Чтобы говорили: «золотая девочка» и чмокали в макушку. А то рассердятся. Ради нее же старались. Праздник устраивали.

Вот отдадут последний подарок, заговорят о всяком взрослом, и можно будет в комнату.

Когда про нее забу...

…очень талантливая.

Линочка знает, что она талантливая. Что еще скажет этот старый хрыч? Зачем мама вообще ее сюда потащила? Почему она уже несколько месяцев водит ее по знахарям? Линочка уже не помнит, сколько их было.
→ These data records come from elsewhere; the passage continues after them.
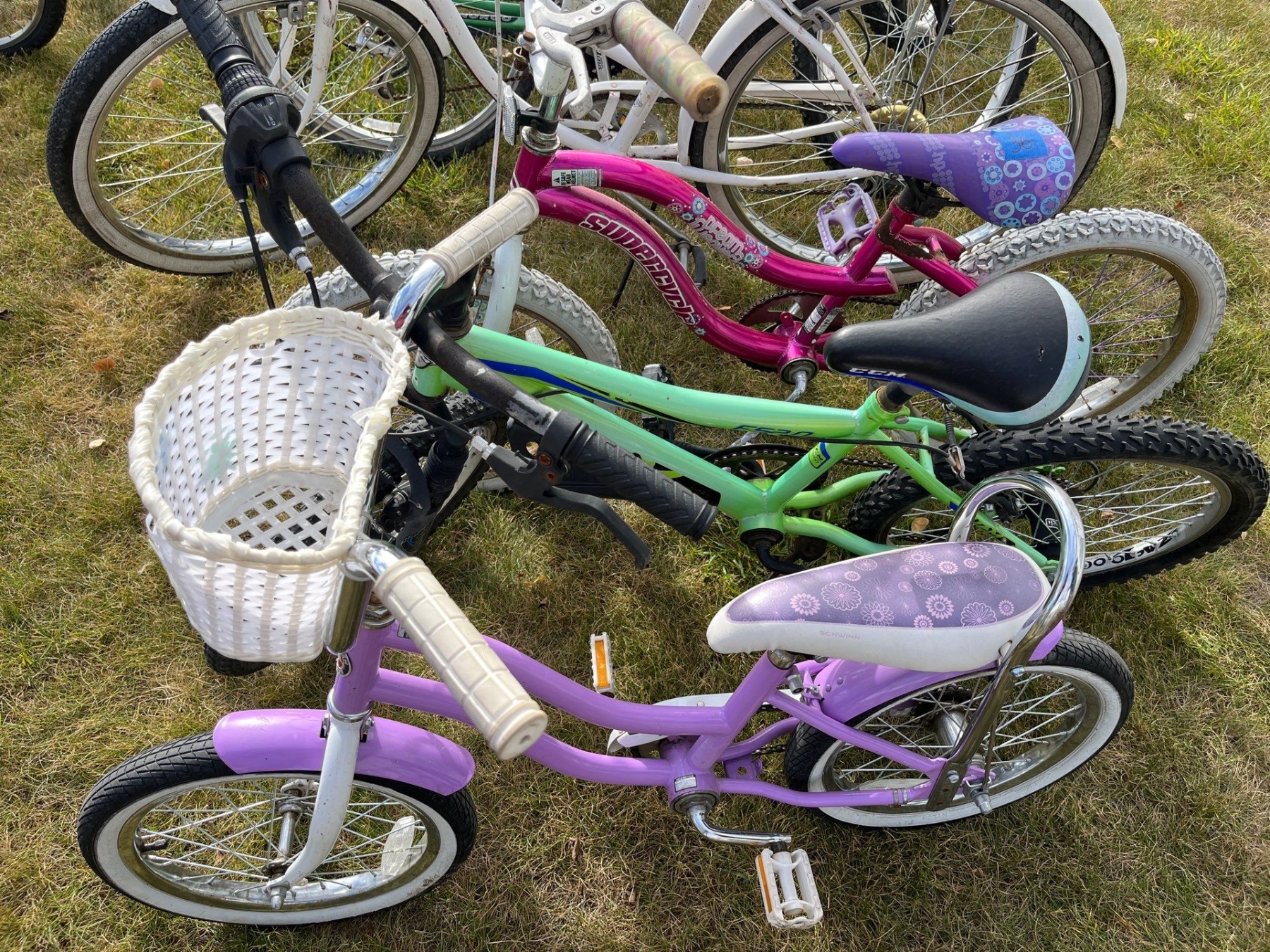 3 kids, bikes, pink supercycle, green CCM and pink girls bike with banana seat and front basket
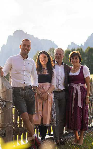 Quattro membri della famiglia Malfertheiner lavorano ancora oggi in hotel e sono sempre a disposizione degli ospiti. L’host senior Kurt non è solo il nostro tuttofare, ma si occupa anche del maso, mentre sua moglie Rita si divide tra ufficio, cucina, e, più in generale, ovunque ci sia qualcosa da fare. L’host junior Michael sta seguendo le orme dei genitori e contribuisce con le sue idee a dare nuova linfa vitale all’attività, mentre sua sorella minore, Steffi, è la nostra mente creativa.
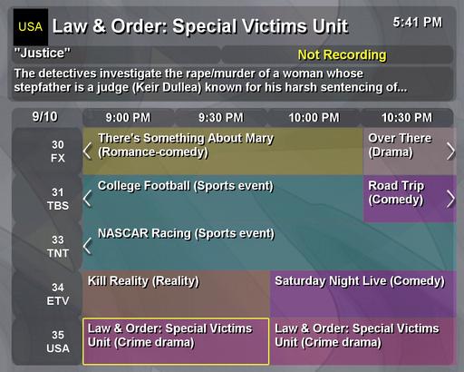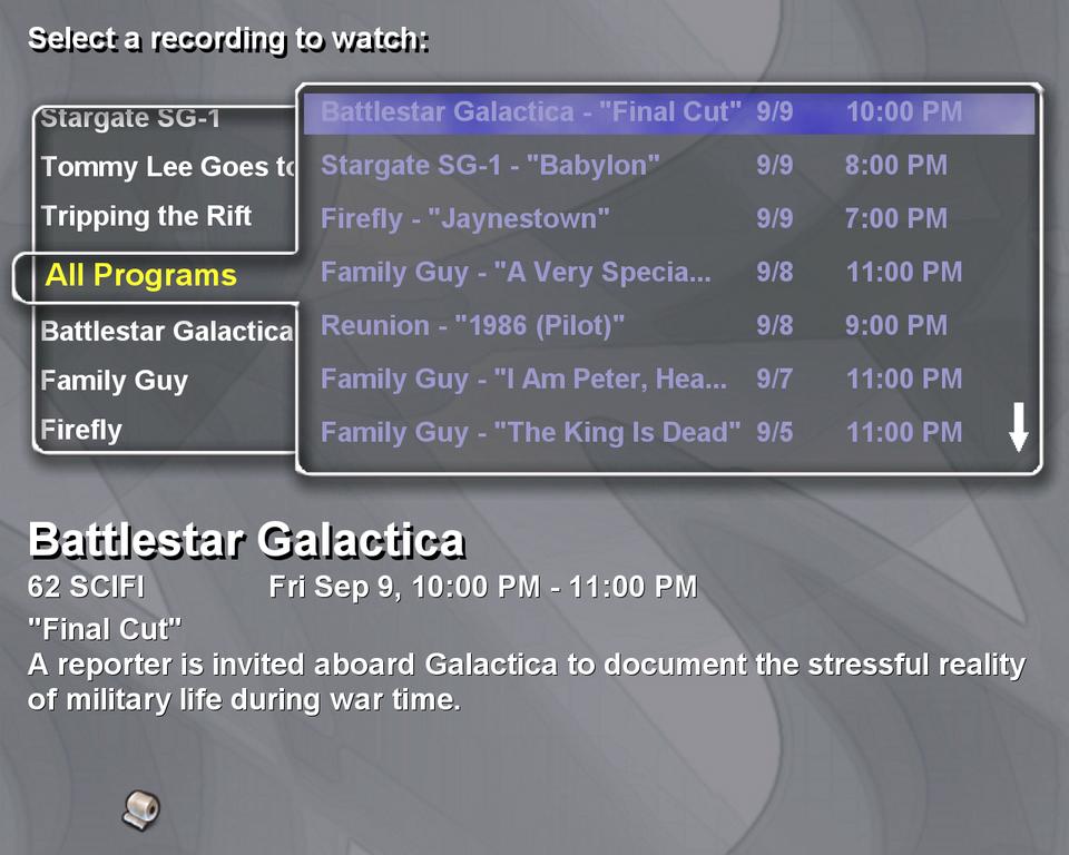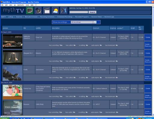 One of the interesting things about MythTV is that it stores everything (except the actual video, of course) in a MySQL database. This makes it easy to import and extract information, and make tweaks. For example, if you need to fine-tune a channel's frequency, you can poke different values into the appropriate database table, go up and down one channel using the remote and see if it made things any better. Of course, it would be really snazzy to be able to tweak the fine-tuning using the GUI; maybe someone will implement that for a future release. It also means that you can run a simple query and see every show you've ever watched, or even write custom software that leverages the two-week program guide data MythTV automatically downloads for you.
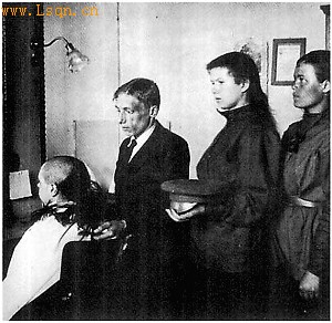 妇女营士兵在剃光头 图片来源:北京晚报
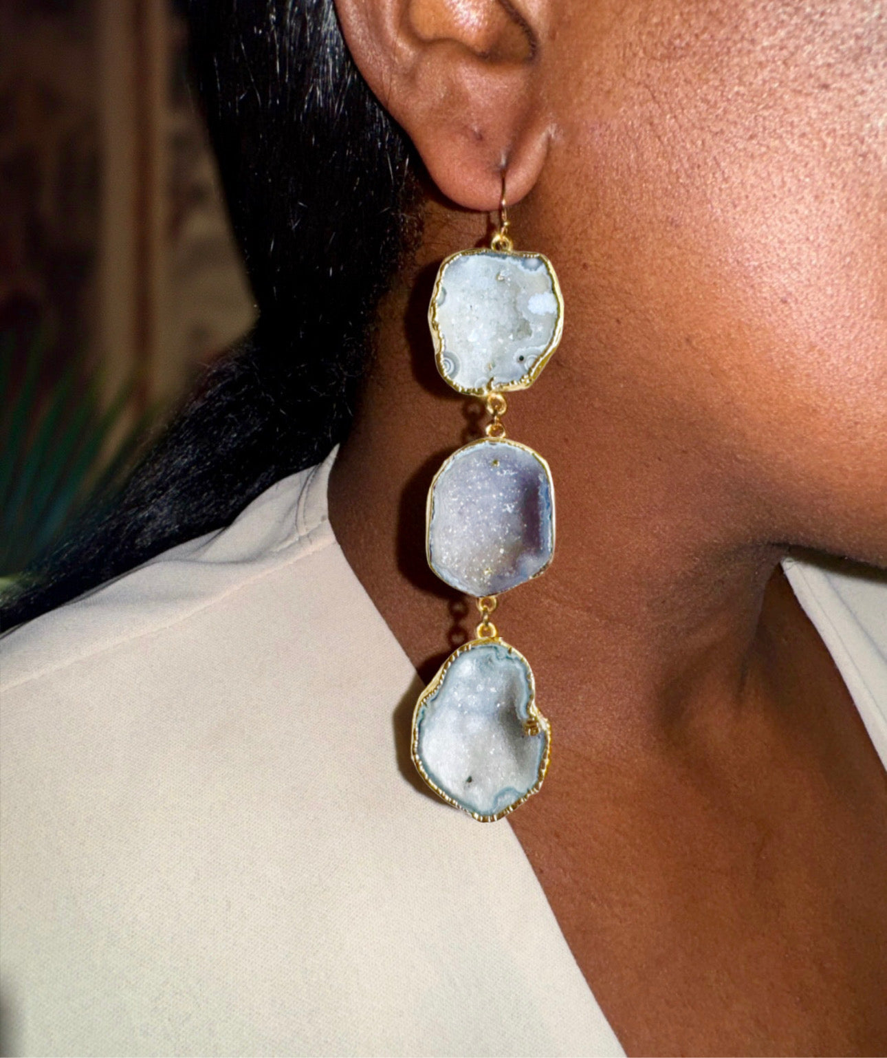 These long geodes earrings pair ethereal off-white tones with muted gray, with each geode centered by a luminous crystal quartz that adds a touch of sparkle. These earrings evoke quiet elegance and an understated, high-fashion bohemian vibe.
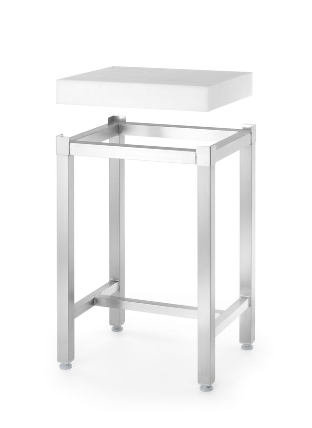 Butcher block made of polyethylene with a stainless steel base, dim. 500x400x (H) 830 mm
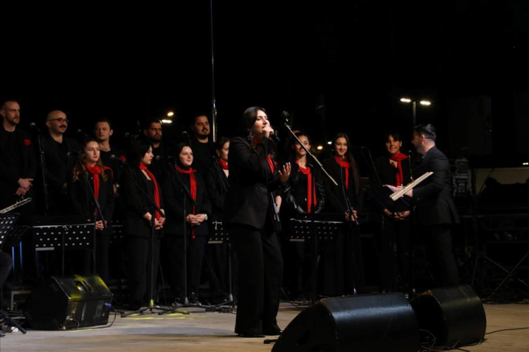 Heykel meydanında yapılan konserde, Şef Rıdvan Sayın yönetimindeki koro performanslarıyla alkış aldı.
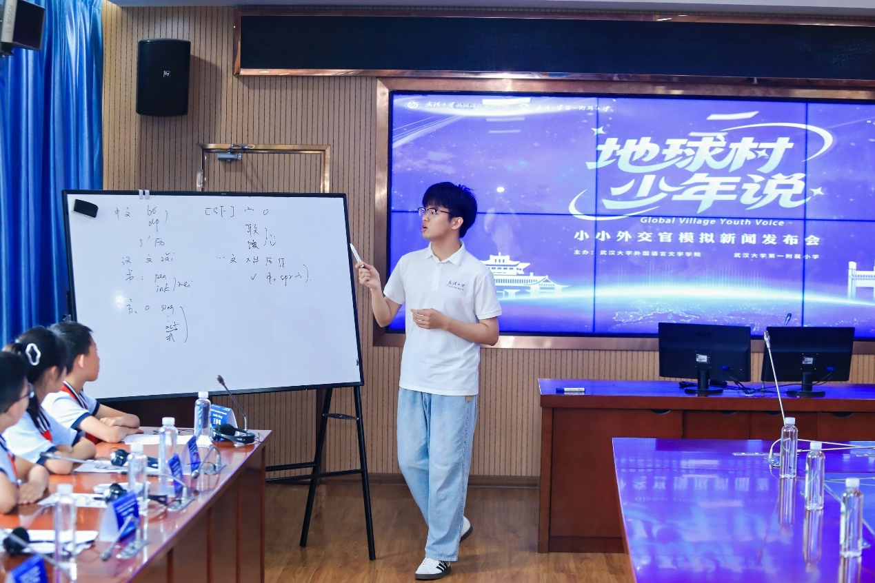 2025年6月11日下午,由武汉大学外国语言文学学院与武汉大学第一附属小学联合主办,武汉大学外国语言文学学院“青年马克思主义者培养工程”培训班与口译队协办的“地球村少年说·小小外交官模拟新闻发布会”在武汉大学外国语言文学学院4016同声传译实验室圆满举行。此次活动作为武汉大学校团委“青春共赴教育强国”思政课系列活动的重要组成部分,旨在通过沉浸式体验,培养青少年的国际视野与跨文化交流能力,为新时代青少年成长注入新动力。
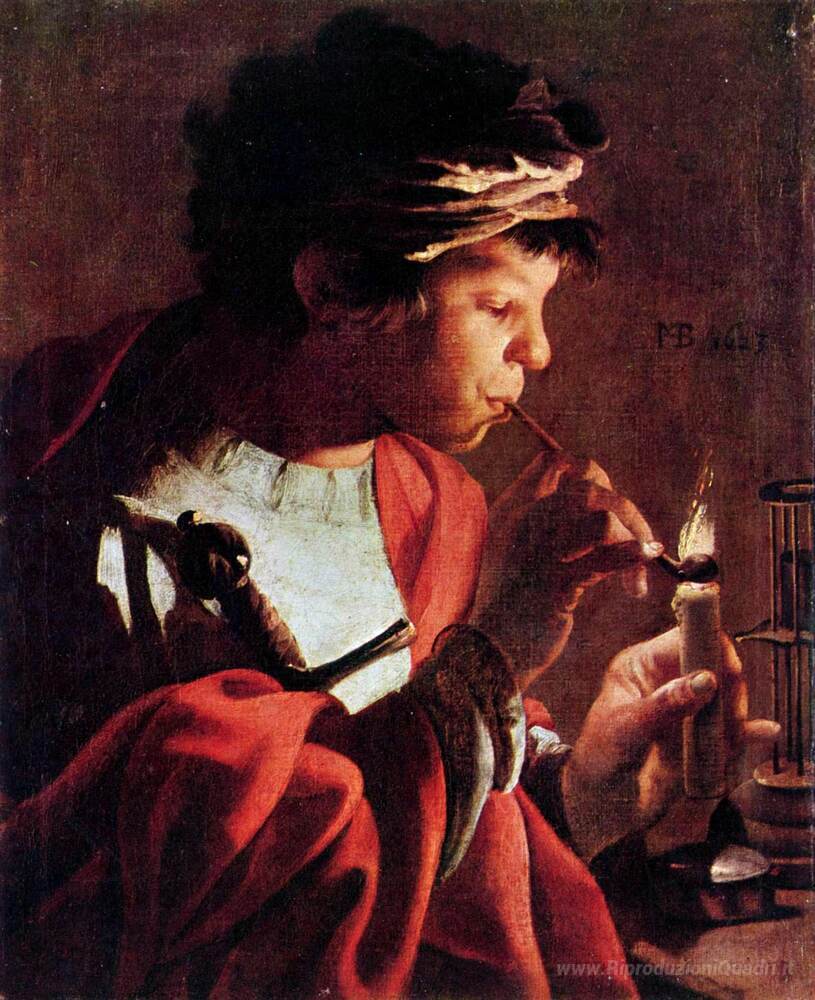 Ti offriamo una riproduzione artigianale su tela dell'opera famosa 'Ragazzo Illuminazione un tubo' di Hendrick Terbrugghen, dal Museo delle Riproduzioni.
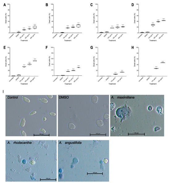 Percentage inhibition of viability due to the effect of Agave ethanolic extracts in E. histolytica. A. angustifolia at 24 h (A) and 48 h (B), A. rhodacantha at 24 h (C) and 48 h (D), A. maximiliana at 24 h (E) and 48 h (F), and A. Tequilana at 24 h (G) and 48 h (H). Inverted optical microscope (Nikon Eclipse Ts2) pictures of trypan-blue-stained trophozoites after DMSO or Agave extract treatment (600 µg/mL, 48 h) (I). The boxes represent the 25–75th percentiles, and the medians are indicated. The whiskers show the range. Results were obtained from three experiments independently using the triplicate SD. **** p ≤ 0.0001. Bar = 100 µm.

Это все та противная тетка в детской больнице. Раскудахталась: не было кризиса, не было кризиса! Ну, не было. Линочка же не виновата, что кризиса не было, а дар есть.

Не первая сваха в роду, не последняя, род Элу славится своими свахами. Мама — сваха. Бабушка — сваха. Обе тети — свахи. Ну и что, что талантливая? Что в этом такого? Что с ней не так-то?

Маме просто нравится это слышать. Она обожает, когда говорят, что Линочка — золотая девочка. А Линочка очень старается, чтобы маме так говорили. А тут тетка. Гадкая баба. «Золотая-то золотая, но больная!» Просто позавидовала Линочкиной маме. Вот и.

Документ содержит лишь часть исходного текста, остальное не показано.